**Records for processing:**
════

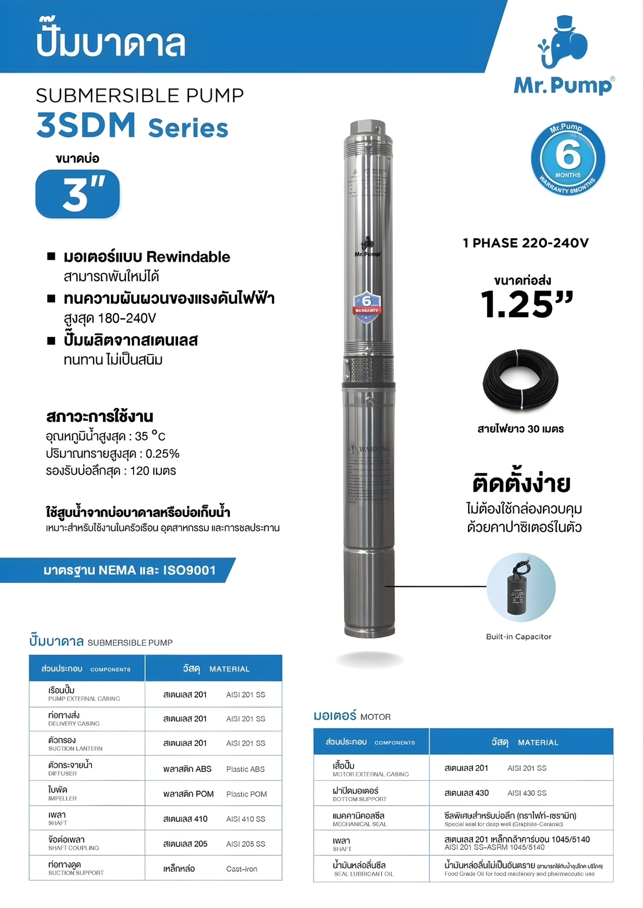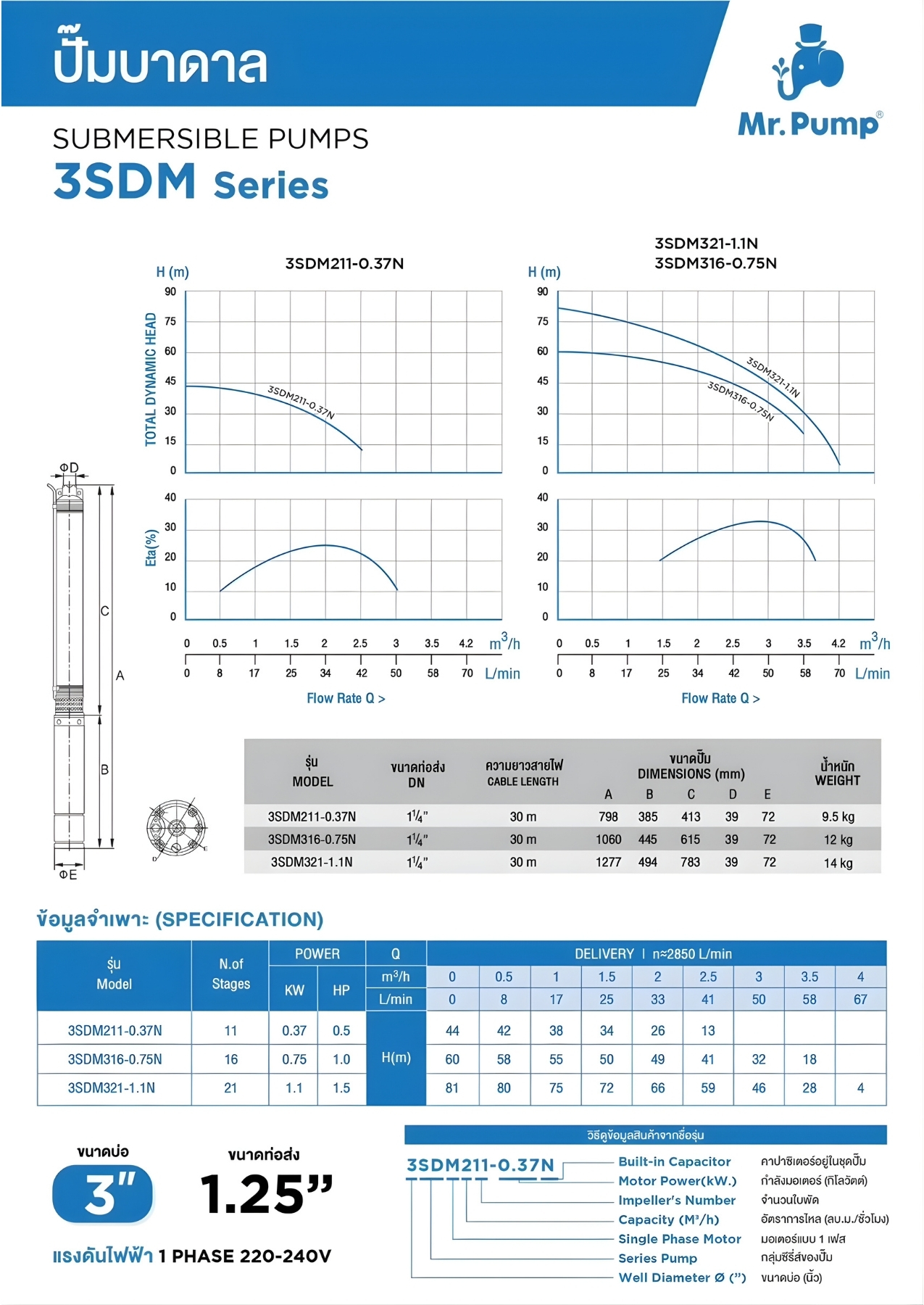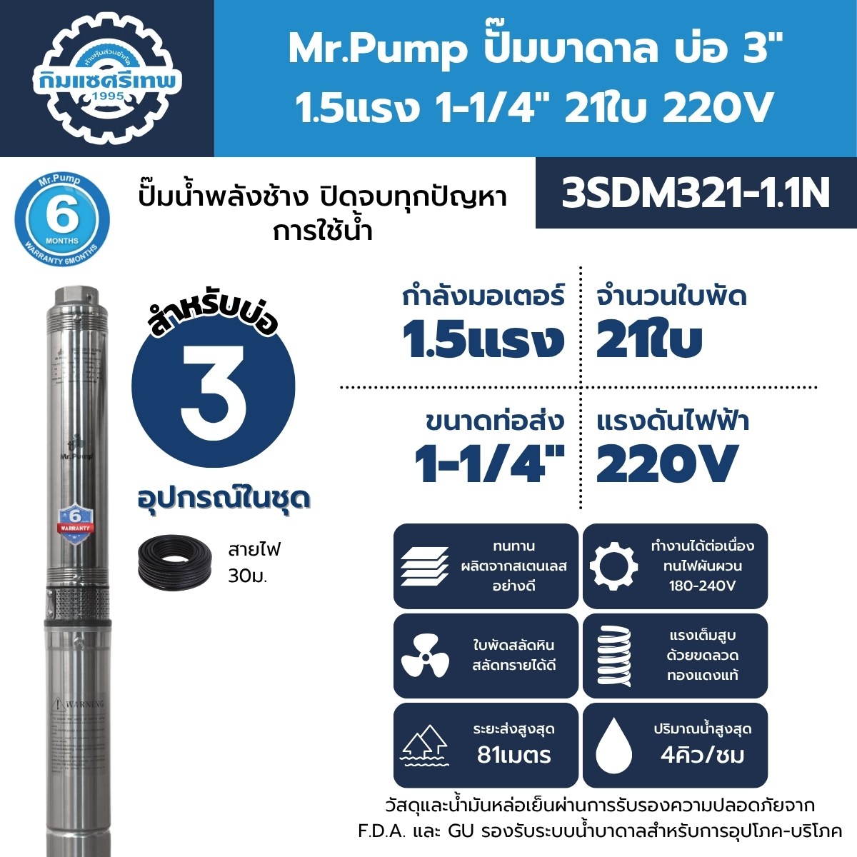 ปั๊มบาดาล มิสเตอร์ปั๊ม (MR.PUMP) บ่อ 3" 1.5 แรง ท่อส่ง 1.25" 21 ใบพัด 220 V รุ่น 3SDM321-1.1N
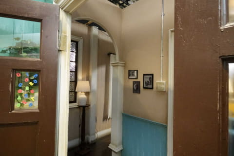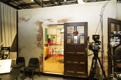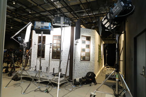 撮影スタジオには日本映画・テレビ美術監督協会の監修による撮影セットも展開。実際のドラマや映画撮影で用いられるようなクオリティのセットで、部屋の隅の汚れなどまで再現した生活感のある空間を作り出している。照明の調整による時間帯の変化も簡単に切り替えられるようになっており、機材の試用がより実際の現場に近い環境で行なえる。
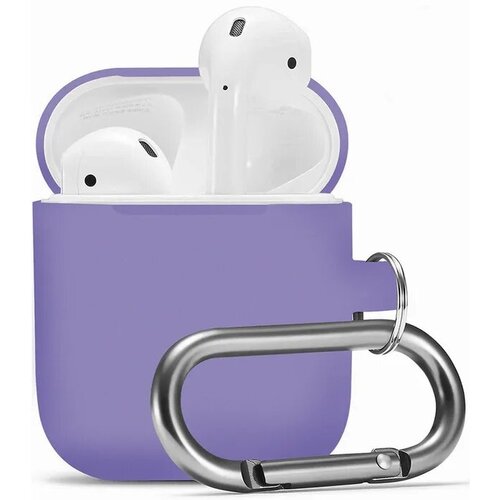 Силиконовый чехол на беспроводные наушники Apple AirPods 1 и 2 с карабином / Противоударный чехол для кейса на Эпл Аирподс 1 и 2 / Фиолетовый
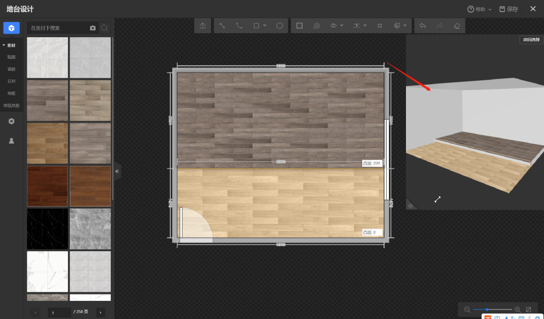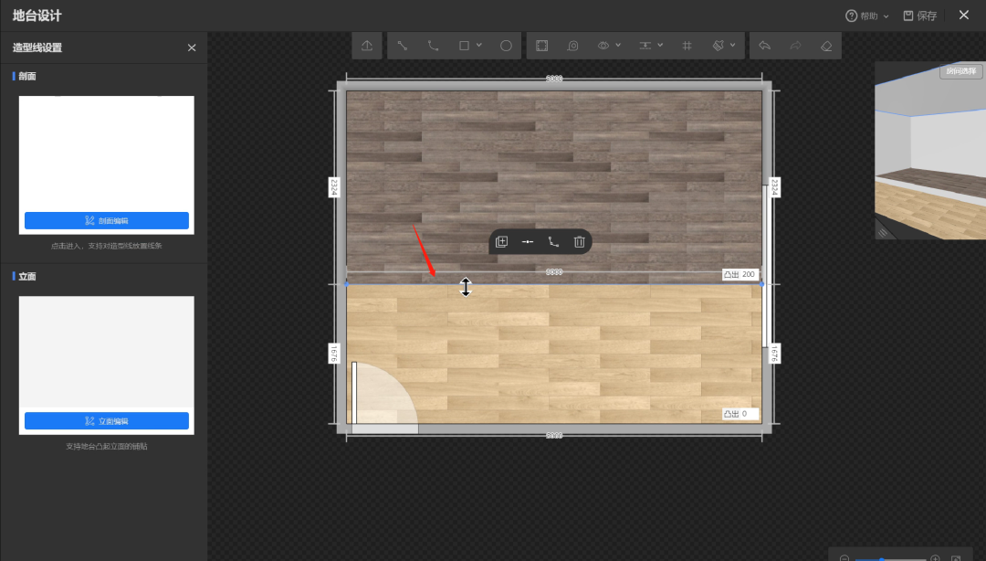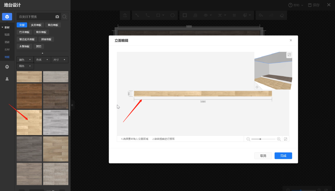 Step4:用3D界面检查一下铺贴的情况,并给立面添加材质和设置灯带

════

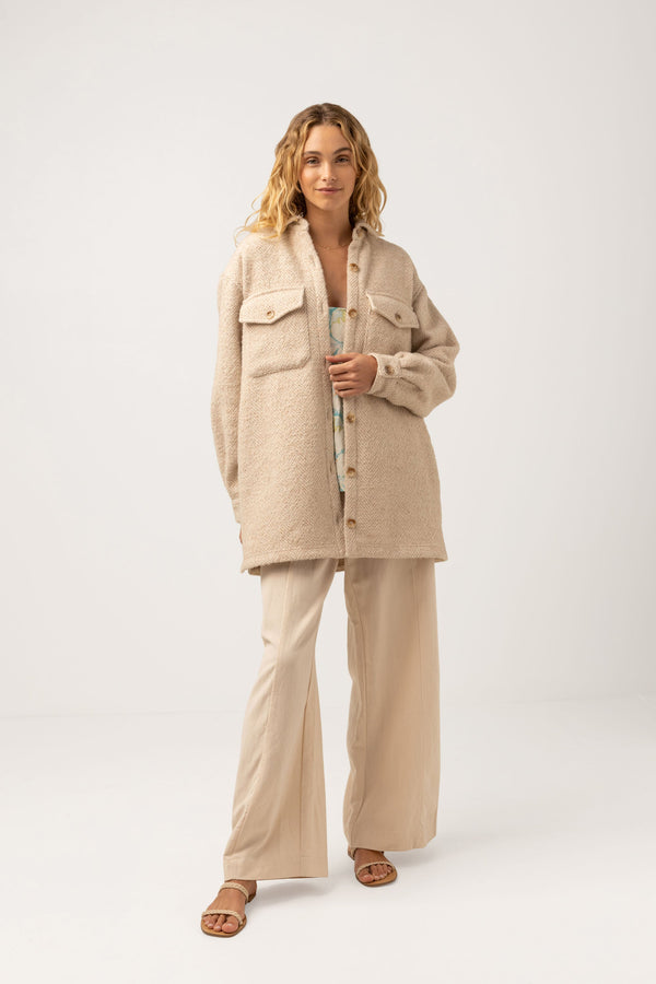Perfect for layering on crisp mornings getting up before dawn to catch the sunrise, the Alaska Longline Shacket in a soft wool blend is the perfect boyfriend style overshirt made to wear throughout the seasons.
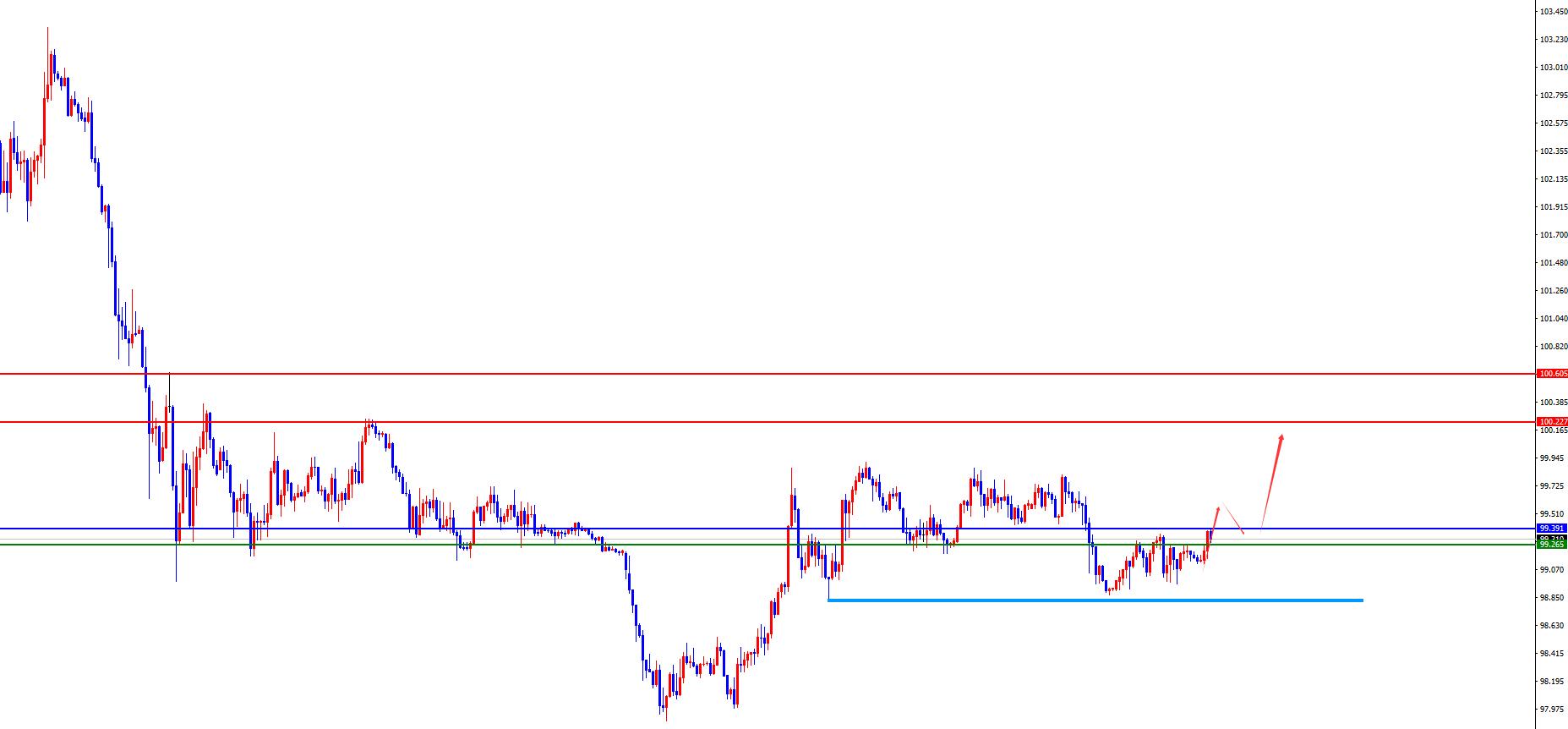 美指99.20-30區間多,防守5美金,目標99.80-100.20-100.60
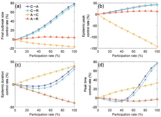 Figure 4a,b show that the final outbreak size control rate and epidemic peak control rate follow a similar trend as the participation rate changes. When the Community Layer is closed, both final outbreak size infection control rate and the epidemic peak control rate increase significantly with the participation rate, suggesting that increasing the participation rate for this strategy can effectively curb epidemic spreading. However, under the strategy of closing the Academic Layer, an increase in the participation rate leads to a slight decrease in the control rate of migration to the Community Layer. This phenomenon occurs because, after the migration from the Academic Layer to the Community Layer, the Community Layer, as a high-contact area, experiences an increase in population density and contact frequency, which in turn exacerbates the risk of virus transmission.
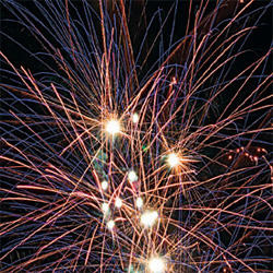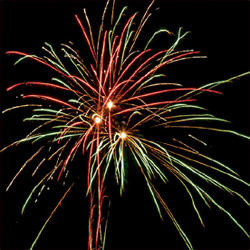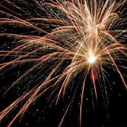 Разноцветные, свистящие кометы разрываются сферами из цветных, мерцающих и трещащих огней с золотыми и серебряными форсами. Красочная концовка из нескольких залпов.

════

**What to work on:**
Lines from the one above containing "ปั๊มบาดาล มิสเตอร์ปั๊ม (MR.PUMP)" down to the one containing "Step4:用3D界面检查一下铺贴的情况,并给立面添加材质和设置灯带" should be transcribed exactly, with both ends kept and no pictures.

**Result of this task:**
 ปั๊มบาดาล มิสเตอร์ปั๊ม (MR.PUMP) บ่อ 3" 1.5 แรง ท่อส่ง 1.25" 21 ใบพัด 220 V รุ่น 3SDM321-1.1N
 撮影スタジオには日本映画・テレビ美術監督協会の監修による撮影セットも展開。実際のドラマや映画撮影で用いられるようなクオリティのセットで、部屋の隅の汚れなどまで再現した生活感のある空間を作り出している。照明の調整による時間帯の変化も簡単に切り替えられるようになっており、機材の試用がより実際の現場に近い環境で行なえる。
 Силиконовый чехол на беспроводные наушники Apple AirPods 1 и 2 с карабином / Противоударный чехол для кейса на Эпл Аирподс 1 и 2 / Фиолетовый
 Step4:用3D界面检查一下铺贴的情况,并给立面添加材质和设置灯带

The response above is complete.